Однако хитрая загорелая физиономия лейтенанта Фабье, утверждавшего, что он морозо– и жароустойчив, красноречивейшим образом говорила о только что придуманной им очередной «невинной шалости».
– Искупаться, дорогой Фаддей, мы всегда успеем. А не сыграть ли нам в карты… на раздевание?

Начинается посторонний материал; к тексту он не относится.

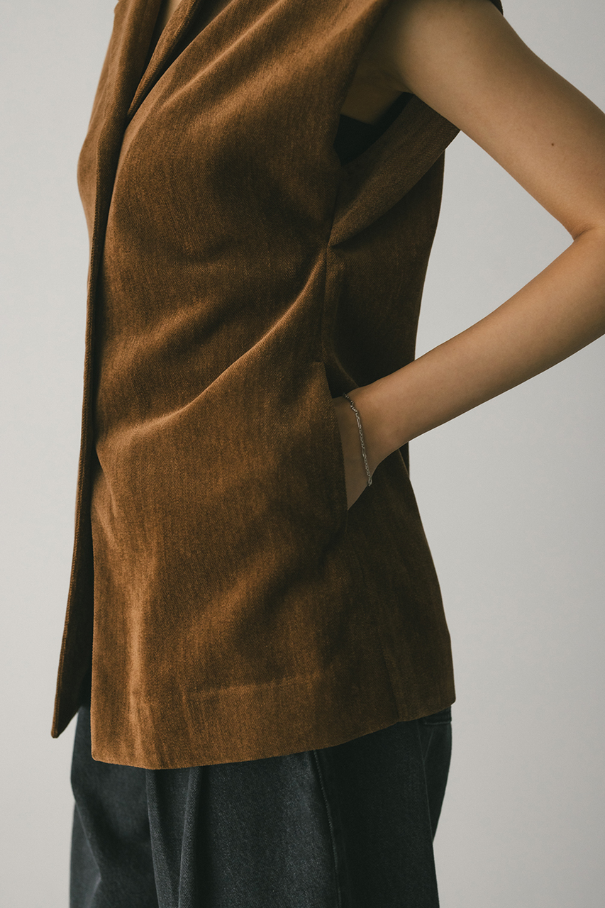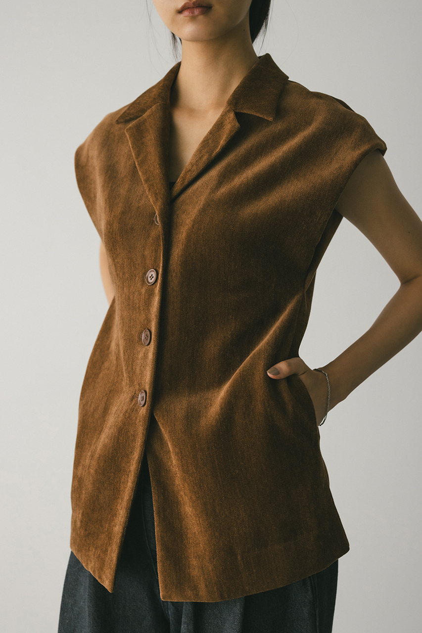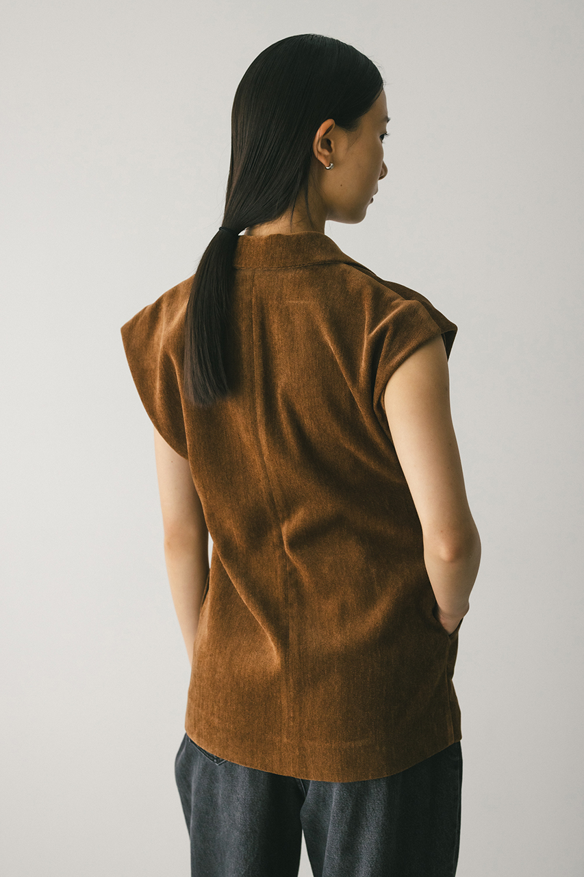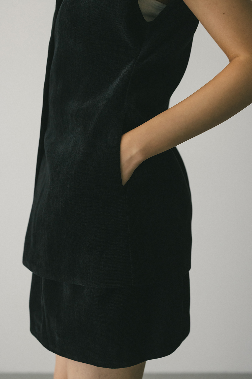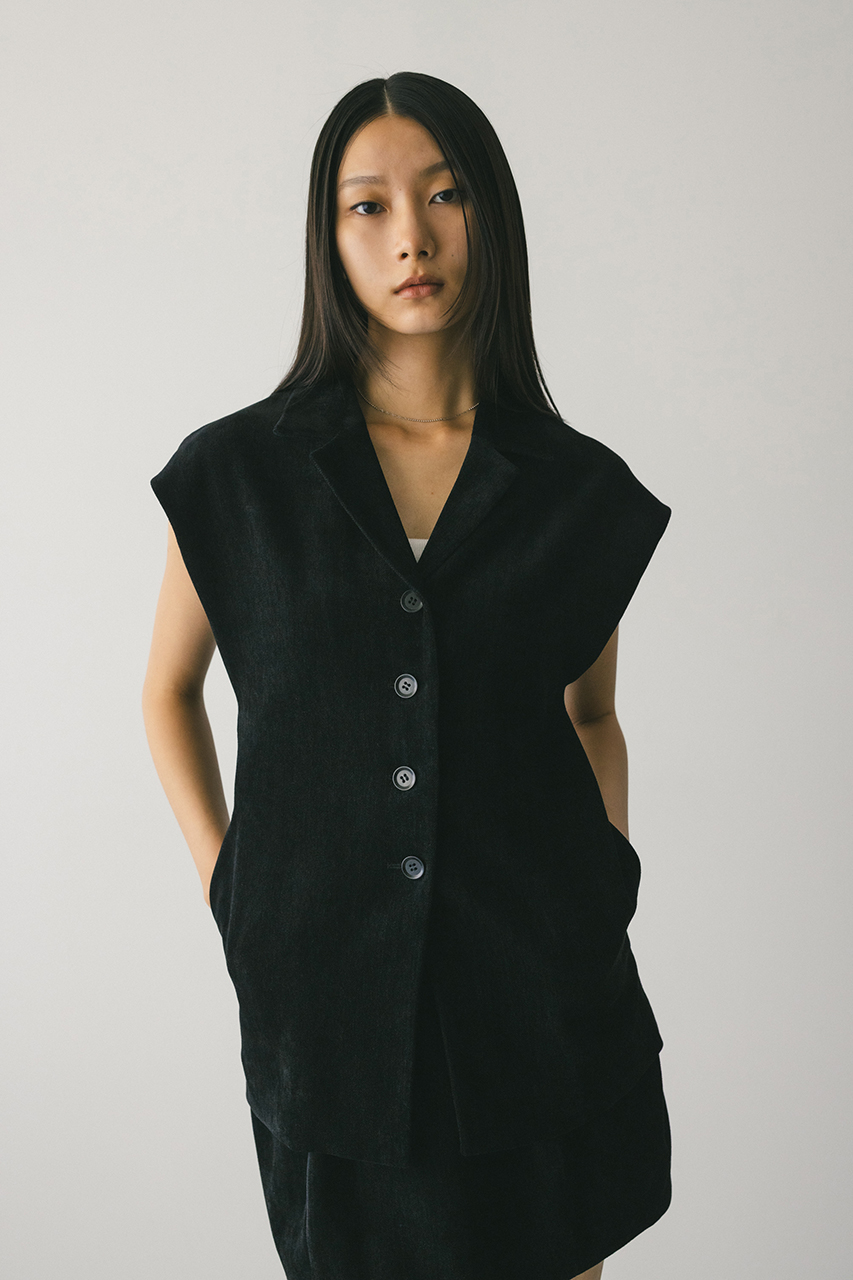 程よくハリがありながらもしなやかな風合いがポイントのベロア素材を使用したベスト。ヒップをカバーしてくれるロング丈とバランスのとりやすいボタン位置、肩からウエストにつなげたタックがデザインポイント。美しいシルエットでスタイルアップに導きます。インナー次第でロングシーズン着用頂けます。500IAS31-1661(ベロアミニスカートパンツ)とセットアップ着用可能。透け感なし、ストレッチなし。

Оноре с Жаном громко заржали, глядя на изумленное лицо Булгарина.
– Да чего ты, Булгарин, как барышня кисейная? Ты бы еще спросил: «А зачем?», честное слово! Давайте так – каждый проигравший снимает с себя по одной вещи, а последнему оставшемуся придется до обеда голым кататься верхом вдоль Москва-реки… И чтоб не прятаться, всем понятно?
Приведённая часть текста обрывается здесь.